A medida em discussão não criaria, de imediato, uma nova obrigação para as empresas nem implica em aumento de custos para a iniciativa privada fazer a transição. Uma das ideias em debate é a criação do mercado de comercialização dos créditos de carbono dentro do mercado financeiro, nos moldes da Política Nacional de Biocombustíveis (RenovaBio), afirmou essa fonte.

Nesse mercado, poderiam fazer parte do mercado regulado as empresas que faturam mais de um R$ 1 bilhão. Elas seriam estimuladas a comprar o crédito de captura, sem obrigatoriedade imediata, mas prazo de dez anos para adequação.

Atualmente, 3.103 empresas se encaixariam nesse perfil. Parte já está engajada com o desenvolvimento sustentável e o aprimoramento de práticas ESG. Com o crescimento da oferta dos créditos de carbono, o governo espera que o escopo da parte demandante aumente.

Na avaliação do governo federal, as maiores empresas de vários setores já têm iniciativas para redução de emissão equivalente. A iniciativa para o mercado de carbono, nesse ponto, funcionaria como um imposto sobre grandes fortunas em que o serviço de transferência de renda é trocado pela sustentabilidade entregue pelas companhias mais poderosas, sem pagamento em dinheiro efetivamente.

Um projeto nessa linha está em fase de testes no Brasil. A FS Bioenergia, maior produtora de etanol de milho do país, está investindo mais de R$ 300 milhões para “limpar” a fumaça branca que sai diariamente das chaminés da planta em Lucas do Rio Verde (MT) a partir da fermentação da levedura do cereal para produção do biocombustível.

O projeto, batizado nesse segmento de BECCS (processos de captura de carbono gerado por fontes renováveis), consiste na captura e transformação do dióxido de carbono emitido durante a produção do etanol de milho por meio da compressão. O objetivo é chegar a um produto químico no estado de fluído supercrítico que será enterrado no subsolo, a quase dois quilômetros de profundidade, abaixo de uma camada de rochas, onde ficará estocado ao invés de ser liberado na atmosfera. A FS informou que o projeto “está em fase de testes de perfuração de solo para iniciar os testes de injeção”.

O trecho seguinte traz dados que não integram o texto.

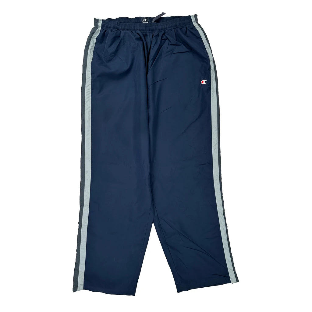 Champion Navy Tracksuit Bottoms With Light Grey Side Stripes.

Consultado, o MDIC não confirma uma priorização do CCS no projeto de regulação. A Pasta disse que a definição da tipologia dos projetos que serão aceitos no mercado regulado, se de captura e estocagem ou de mitigação e redução, será feita na regulamentação infralegal do tema, que só será editada após a aprovação da lei.

Segundo o ministério, a discussão da proposta se encaminha para possibilitar o uso de offsets, ou seja, que os créditos de carbono gerados de forma voluntária sejam usados no mercado regulado, o que demandará regulamentação específica sobre o nível máximo de utilização desse mecanismo.

O ministério respondeu que a proposta para a criação do Sistema Brasileiro de Comércio de Emissões (SBCE) se baseia no modelo “Cap and Trade”, utilizado em vários países e no Sistema de Comércio de Emissões da União Europeia. “A proposta é de que seja estabelecido um limite máximo de emissões de GEE para o conjunto das entidades reguladas e, a partir desse limite, serão emitidas licenças ou cotas de emissão, que poderão ser negociadas no mercado de carbono brasileiro”, respondeu o MDIC.